Dall’analisi del numero di giorni di malattia, in Italia il dato medio è stato pari a 8,5; se nel settore pubblico si è attestato a 8,3, nel privato è stato leggermente superiore e pari a 8,6. In tutti i casi, comunque, rispetto al 2017 la situazione è in netto miglioramento: il dato medio nazionale, ad esempio, è sceso del 16 per cento. Le differenze a livello regionale sono comunque molto marcate. La media dell’8,5 è superata da 13 regioni su 20. La regione con i lavoratori la cui salute è più cagionevole è la Calabria: chi si è ammalato è rimasto a casa mediamente 15,3 giorni (9,6 giorni l’assenza dei dipendenti pubblici e ben 18,8 degli occupati nel privato). Praticamente il doppio di quanto registrato in Emilia Romagna e in Veneto: entrambe hanno “cumulato” 7,8 giornate medie di malattia. Dopo la Calabria, i lavoratori più “malaticci” sono quelli della Basilicata con 10,2 giornate medie di assenza. Seguono gli occupati della Valle d’Aosta (9,7), della Sardegna (9,6), del Molise (9,4). Rispetto al 2017, in tutte le regioni il numero delle giornate medie di assenza per malattia è in calo, con punte del -20 per cento proprio nel Mezzogiorno (addirittura -23 per cento in Calabria).

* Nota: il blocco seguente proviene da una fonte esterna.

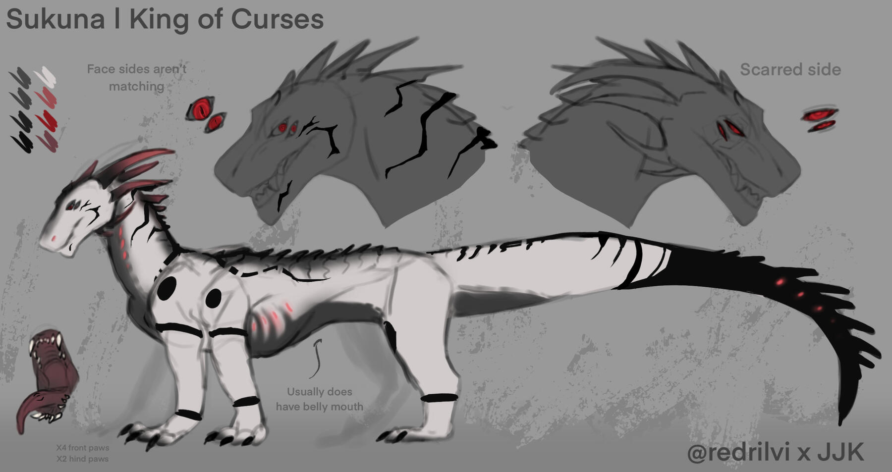 Curse (shapeshifter - demi-human, drake, anthropomorph)Sukuna is cold-hearted and sadistic individual when it comes to treating anyone around him (prey included). However it’s very hard to sparkle an interest within him to make treat you as something worthy. Sukuna tends to toy with his opponents, proclaiming superiority over them. There no specific approach to the king of curses, who acts on a whim and follows his own desires to achieve satisfaction.He doesn't have any specific preferences when it comes to prey, just make sure to show all you got and struggle more.. May be he will find it funny. Sukuna is hard to entertain (equally as his belly), he obliterates any life as a mere sustenance for his body and a source of entertainment to pass time. He probably doesn't follow any goal in life, just trying to kill some time from day to day... and sleeping off meals is a good way to put it.Vore-related information: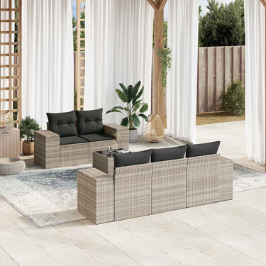 6-delige Loungeset met kussens poly rattan lichtgrijs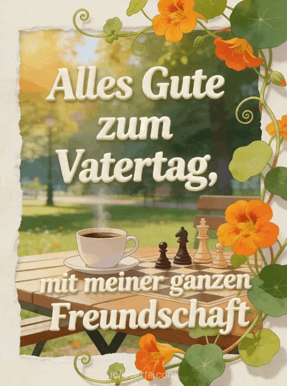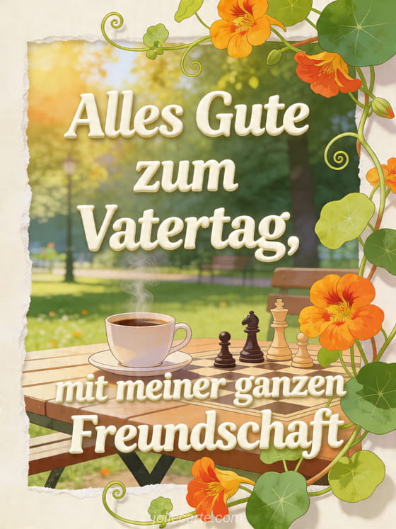 Teile eine freundliche illustrierte Vatertagskarte mit einem sonnigen Parktisch, dampfender Kaffeetasse, Schachfiguren und leuchtender Kapuzinerkresse, die über den Bildrand ragt. So sendest du Freundschaft und gute Wünsche auf warme Weise. Entdecke auch ein originelles Vatertags-GIF, mein Schatz mein Liebling alles Gute zum Vatertag oder eine personalisierte Vatertagskarte.

Fin qui i dati, sui quali possono essere fatte alcune considerazioni. Prima, però, giova ricordare che i giorni di malattia non sono pagati in pieno come gli altri. Quindi, qualcosa lo si perde. L’aspetto che dovrebbe far pensare riguarda la lunghezza delle assenze: avere più malattie, ma più brevi, è il risultato delle cosiddette “malattie giornaliere” per non andare a lavorare quando non se ne ha voglia. Nel privato le malattie sono più lunghe perché in genere – ovvio ci sono anche qui i furbetti – sono malattie ritenute “vere” e non inventate (anche per le diverse salvaguardie, maggiori per i dipendenti pubblici che non per i privati). Ammalarsi e potersi curare è un diritto; è chiaro che il dipendente “privato” ha maggiori remore ad assentarsi di meno (per esempio per un forte raffreddore o mal di testa o un colpo di sciatica); perciò, non è che si ammali di meno, ma si cura di meno e quando si assenta per malattia lo fa perché proprio non può esimersi. Illuminanti due commenti, apparsi in Rete, sullo studio della Cgia: “È noto che i dipendenti pubblici sono mediamente più propensi ad ammalarsi rispetto quelli del settore privato: i primi hanno garantito lo stipendio fino alla pensione con poco stress, mentre i secondi vivono nel timore che se perdono il lavoro (ed è possibile a prescindere dal merito) dopo i 50 sono guai”; “Magari semplicemente nel pubblico se ti ammali non subisci i ricatti che invece sono frequenti nel privato. Ho lavorato nel privato e poi nel pubblico, quindi so di cosa parlo!”. Sarebbe interessante che qualche istituto si prendesse la briga di calcolare le differenze di aspettativa di vita fra quelli che lavorano nel privato e quelli che hanno impieghi pubblici.